Бритоголовый слегка пожал плечами, нахмурился и, подобравшись и выставив перед собой левую руку, подскочил к Владу. И в тот момент, когда он замахнулся для удара, Влад стремительно выбросил вперед ногу, целясь точно в середину черной набедренной повязки противника.
Он уже почти почувствовал момент соприкосновения собственной ноги с чужим телом, но вышло совсем не так, как он задумал. Бритоголовый каким-то неуловимым молниеносным движением увернулся от удара, Влада по инерции понесло вперед, перед глазами его мелькнул, стремительно приближаясь, крепко сжатый кулак, оплетенный черными ремнями, – и в голове что-то взорвалось с ослепительной болезненной вспышкой, а потом со всех сторон обрушилась темнота…
…Медленно, с трудом, сквозь боль вспомнилось, что бурлящий поток с размаху бросил его лицом на фонарный столб. Надо было выбираться из этого потока, карабкаться на столб, к спасению, но тело не слушалось его, тело было не более чем тряпкой, выброшенной за ненадобностью кем-то из тех, кто успел спастись.
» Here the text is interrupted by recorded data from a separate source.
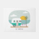 Vintage Turquoise Camper Beach Flamingos Doormat
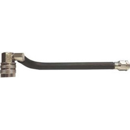 Haltec Motorcycle Chuck features an angled design to fit between the brake rotor and the hard to reach valve. Easy on/off locking coupler. Hardened steel pins for increased service life. 1/4" NPT female threads. 8" Long.
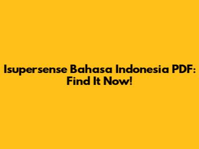Isupersense Bahasa Indonesia PDF: Find It Now!
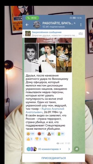 «Пришла популярность, откуда не ждали. Мои данные разместили в нескольких группах и сейчас происходит атака ботов на мою страницу в Инстаграм. Так же пытаются сломать мой телеграм. Постоянно приходят сообщения от телеграм, чтобы я никому не отдавал код. Затем слили все мои данные, телефон моей мамы, моей жены. Им приходят сообщения с угрозами: «Чеченцы за вами уже идут, готовьте гробы». Есть даже адреса: и мой, и даже мой старый криворожский адрес. Все это слили в разные каналы и сейчас активно прессуют», – рассказал Анатолич.
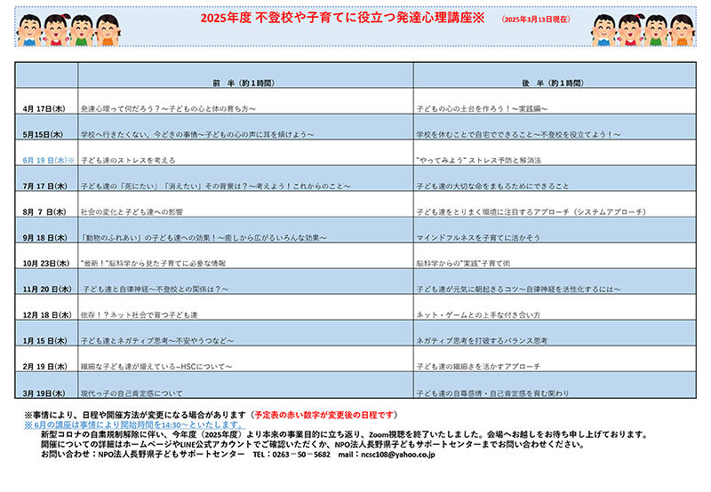 | 不登校や子育てに 役立つ発達心理講座 | 前半:現代っ子の自己肯定感について 後半:子ども達の自尊感情・自己肯定感を育む関わり ※各1時間(講座の内容により時間が前後する場合があります) 途中休憩あり。 |
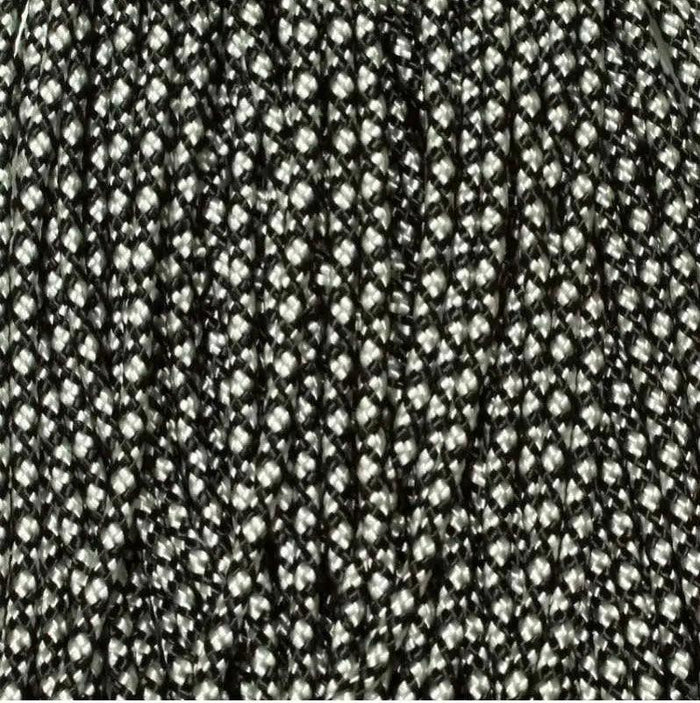 Black With Silver Gray Diamonds. This is 425 paracord which is strong, soft, smooth, and pliable. For key chains, lanyards, belts, slings, hammocks, shoe laces, gear repairs, bracelets, camping, everyday carry, survival gear, crafting and household uses.
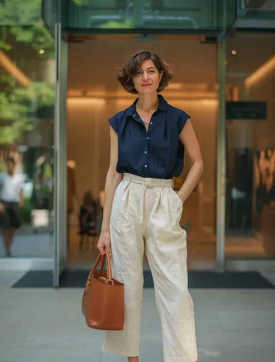 This look is effortlessly polished with just the right hint of French-girl charm. The navy button-up blouse is crisp but still breathable, tucked into high-waisted cream trousers that are structured but not stiff. Add in tan wedge sandals, a sleek leather tote, and delicate jewelry, and you ve got a go-to outfit that works just as well for city strolls as it does for casual lunches.
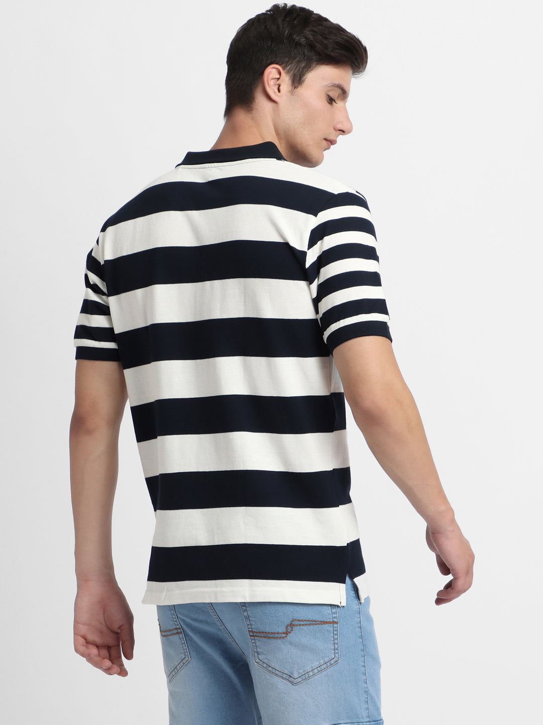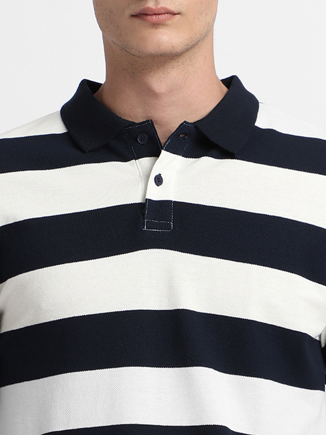 Men's Spread Collar Regular Fit Y/D Stripes Navy T-Shirt

Нужно было попытаться открыть глаза…
Он изнутри провел языком по саднящим губам, ощутил знакомый вкус собственной крови и открыл глаза.
То, что простиралось над его головой, не было похоже на небо. И яркий свет не имел ничего общего с обычным дневным светом. Две фигуры возвышались над ним: одна багровая, с чем-то сверкающим в руке, другая – почти обнаженная, с черной полосой ткани на бедрах. И ни потока, ни фонарного столба. Откуда-то издалека пробивались в переполненную болью голову свист и крики.
Он смог, наконец, с усилием оторвать затылок от чего-то мягкого – но только на мгновение. Нечто непонятное выжало все силы из его тела. Он опять закрыл глаза, постарался сосредоточиться и наконец-то более-менее пришел в себя. И узнал распорядителя и своего бритоголового противника. И сообразил, где находится.
Распорядитель, поджав губы, укоризненно качал головой. У бритоголового были злые глаза. Влад вновь приподнялся, и тут бритоголовый шумно, с силой всосал носом воздух и, наклонившись, плюнул ему в лицо. Потом протянул оплетенные ремнями руки и рывком сдернул с Влада трусы до самых коленей. И смачно плюнул еще раз. Все вокруг содрогнулось от хохота.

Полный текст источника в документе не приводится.